Знал языки английский, французский, немецкий, позже выучил польский, испанский и чешский. Еще позже, в пятьдесят лет, стал учить греческий. На пятом курсе медицинского факультета лечил мужиков и дворовых. С такими знаниями мог стать ученым, химиком, врачом, мог быть сельским хозяином, мог стать юристом или чиновником с хорошими шансами на карьеру. Но три университета и дюжина наук, которые он изучил, были нужны только для того, чтобы понять: нет, он будет писателем.

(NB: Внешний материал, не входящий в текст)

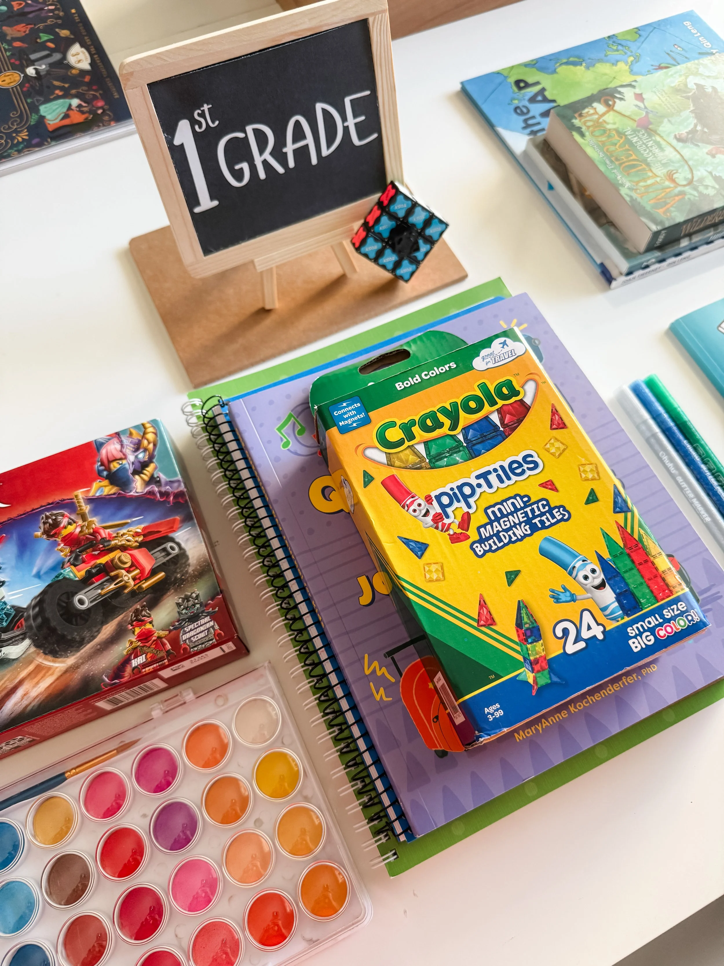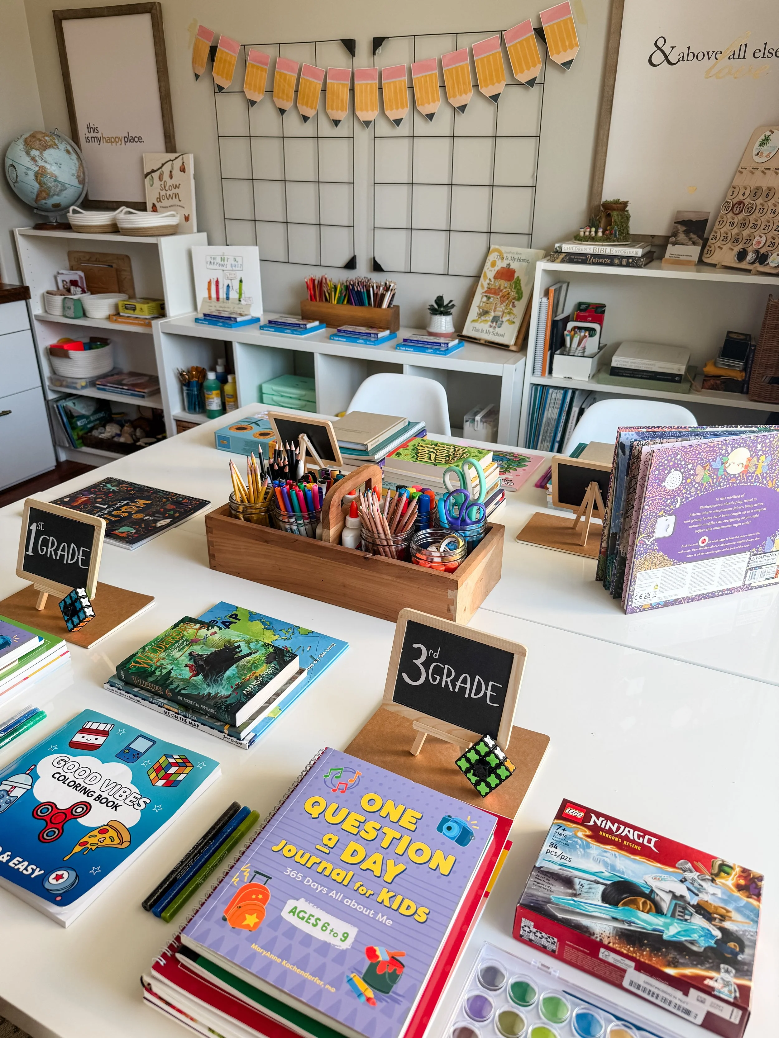 I never know exactly how our first day set up will all come together. This year I bought I few extra things for their baskets, but it definitely didn’t all fit. So, instead, I pivoted a bit and just strewed some of their new books and supplies into our school room and I think it worked out really well and turned out cute.
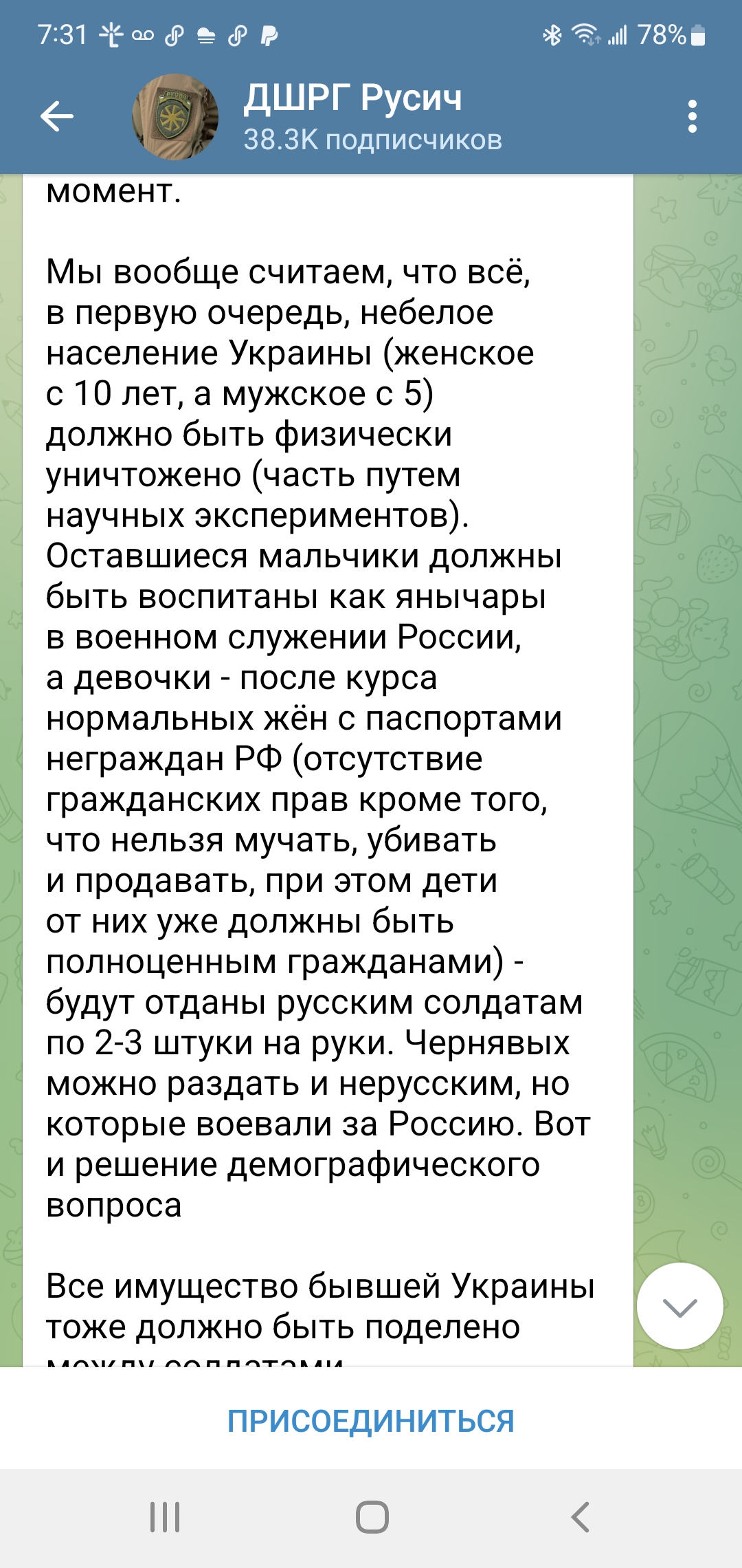 Эти твари ваще отбитые наглухо. Я иногда читала их высеры на канале в Телеге и вывод только один- отстреливать этих "русичей" без всякой жалости. Страшно, что у них хватает не то чтобы последователей, но тех, кто с ними согласен во всём, правда почему-то становиться чмобиками эти "диванные воины" не желают, либо валят через границу, либо стараются избежать повестки любыми другими способами.
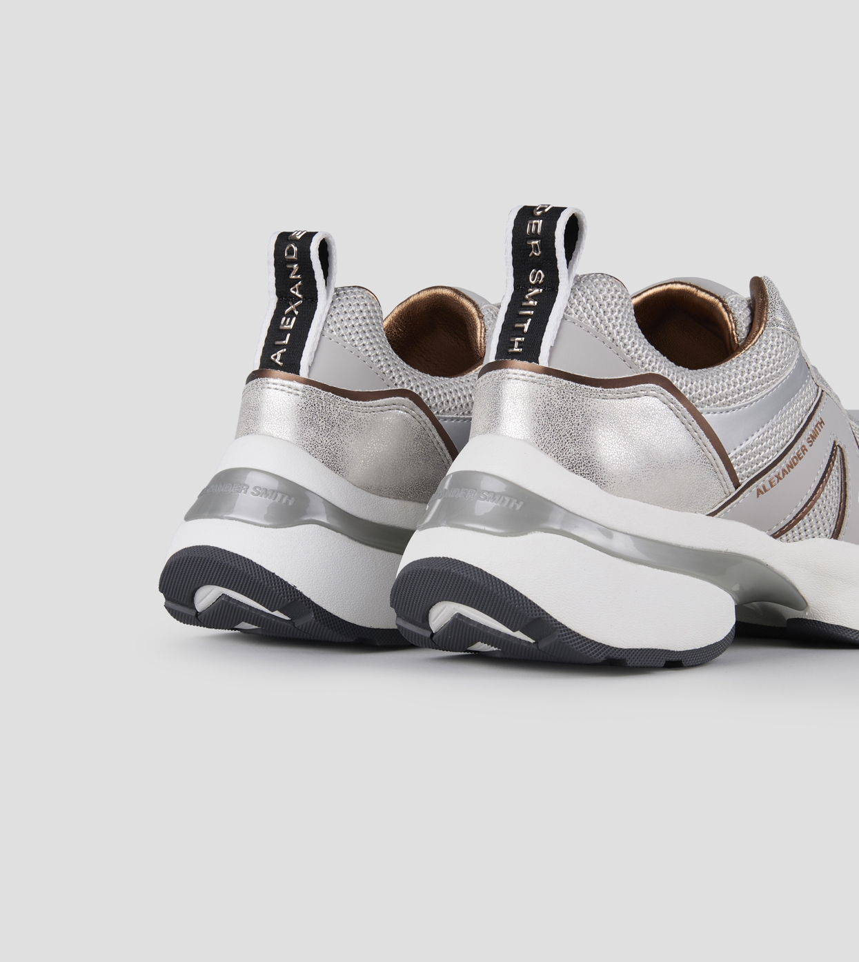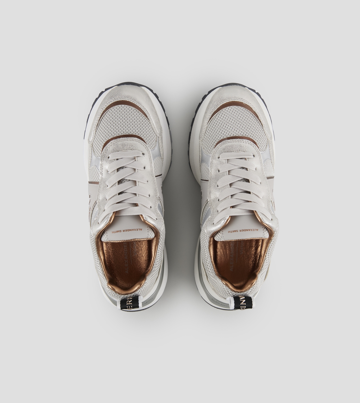 Il nuovo modello Victoria di Alexander Smith nasce per accompagnare ogni passo con grinta ed eleganza. Linee decise, dettagli metallici e una suola bold definiscono una sneaker dallo spirito contemporaneo, perfetta per chi vuole distinguersi. Victoria è l’equilibrio perfetto tra performance urbana e ricercatezza estetica, in questa variante in tessuto mesh e laminato polveroso grigio.

Вход в литературу получился у него удачным — со скандала, сам он так и сказал: «успех скандала». То, до чего Набоков дошел не сразу — порнография как билет во всеобщую известность, — Боборыкину удалось на первом же шаге. Правда, на нынешний взгляд никакой порнографии в «Жертве вечерней» нет, но во времена, когда юбка чуть выше щиколоток считалась короткой, были иные понятия… Потом он говорил, что ничего такого не замышлял, а только писал, как пишется, разоблачительный роман о жизни высшего света, а если точнее, о «моральной несостоятельности наших светских женщин». Ну и разоблачил!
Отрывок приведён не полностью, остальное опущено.